12a63fe fusb302: PD timers via callout instead of state-age polling moved those three deadlines onto a single
struct callout per softc, armed via callout_init_mtx so the callback
runs under the same mutex as the worker. set_state() cancels any prior
arming, installs the new state, and arms the callout if the new state
has a deadline; the callback sets pe_timer_fired and wakes the kproc
exactly when the deadline expires.
This appendix walks the rest of the drivers we own or heavily modified and asks the same question: is there time-based logic that polls “has N ms passed since X” instead of arming a deadline? Where the answer is “yes and that’s a bug waiting to happen” we say so. Where the existing pattern (callout-for-poll, state-age-for-rate-limit, spin-with-DELAY-for-microsecond-PHY-settling) is actually correct, we say that too — the goal is not to migrate everything to callouts.
src/sys/dev/iicbus/fusb302.c — the motivating case
Refactored in 12a63fe fusb302: PD timers via callout instead of state-age polling . The driver still uses
fusb302_state_age_ms() in exactly one place after the refactor:
PE_DISABLED retries detect_cc() once per second when VBUS is up
but no source has been detected.

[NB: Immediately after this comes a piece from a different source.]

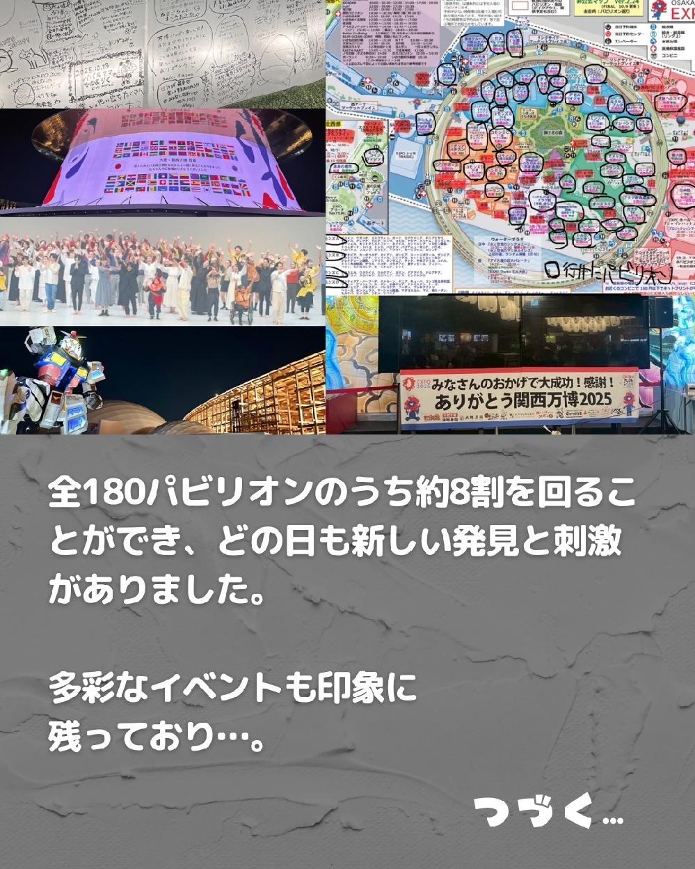 全180パビリオンのうち約8割を回ることができ、どの日も新しい発見と刺激がありました。

That’s a rate limit, not a spec
deadline — if the retry happens at 1.0 s or 1.2 s, nothing breaks.
Leaving it on state-age math is the right call; arming a callout
for a “try again in roughly a second” loop would just add cancel/rearm
churn around every interrupt.
● working All three PD spec timers now arm via callout; state-age math survives only for the 1 Hz cable-rescan loop.
src/sys/dev/usb/controller/dwc3/dwc3_gadget.c — already on callout
The DWC3 gadget TX watchdog (dwc3_gadget_tx_watchdog) is exactly the
pattern FUSB302 just adopted: callout_init_mtx(&sc->tx_watchdog, &sc->sc_bus.bus_mtx, 0) at attach, callout_reset(&sc->tx_watchdog, hz / 2, ...) at start and at the end of every tick. The callback runs
under USB_BUS_LOCK, compares tx_ok_count against
tx_ok_at_last_watchdog, and unsticks the endpoint if no progress
happened. That’s a 500 ms sweep, not a one-shot deadline, but the
mtx-bound callout discipline is the same one we want.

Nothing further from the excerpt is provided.